NTLM Challenge Response is 100% Broken (Yes, this is still relevant)

According to the last data from the W3 Schools, 21% of computers are running XP, while NetMarketShare claims it is 39%. Unless someone has hardened these machines (no MS patches do this), these machines are sending LM and NTLM responses! While these lists leave out server OSs, 2003 Server still sends NTLM responses by default. Yes, every MS OS since NT 4.0 SP4 has supported NTLMv2, but NTLM and LM were not excluded by default until Vista.

via Mark Gamache’s Random Blog: NTLM Challenge Response is 100% Broken (Yes, this is still relevant).

Well, here it is: I’VE BROKEN NTLM.

From the wiki definition of NTLM:

Microsoft no longer recommends NTLM in applications:[6]

“Implementers should be aware that NTLM does not support any recent cryptographic methods, such as AES or SHA-256. It uses cyclic redundancy check (CRC) or message digest algorithms (RFC1321) for integrity, and it uses RC4 for encryption. Deriving a key from a password is as specified in RFC1320 and FIPS46-2. Therefore, applications are generally advised not to use NTLM.”
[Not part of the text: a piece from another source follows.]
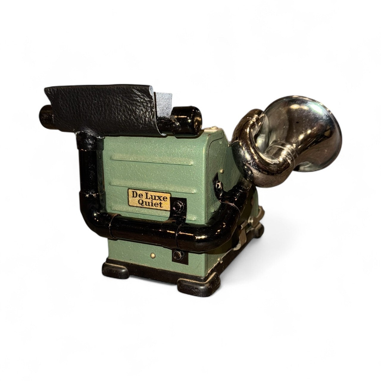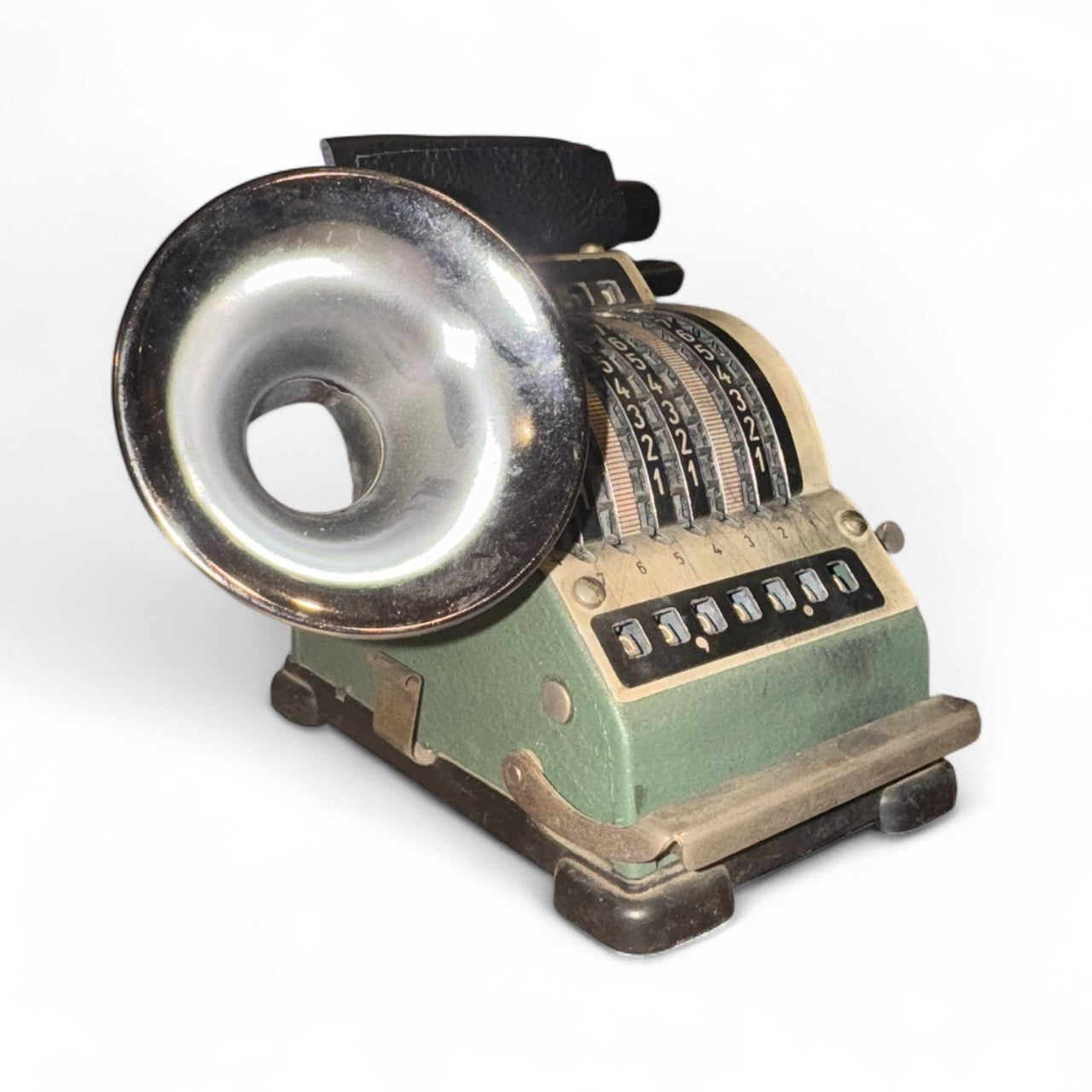 The Resulta 7 iHORN is made from a German disk calculator, or adding machine, made in the 1950’s coupled with a vintage Condor bulb bicycle horn made in 1940. An adding machine is a perfect gift for a mother or accountant. For the accountant, it all adds up, but for a mother because her love is selflessly synergistic, making the sum of the whole greater than the individual parts.

While Kerberos has replaced NTLM as the default authentication protocol in an Active Directory (AD) based single sign-on scheme, NTLM is still widely used in situations where a domain controller is not available or is unreachable. For example, NTLM would be used if a client is not Kerberos capable, the server is not joined to a domain, or the user is remotely authenticating over the web.[1][3]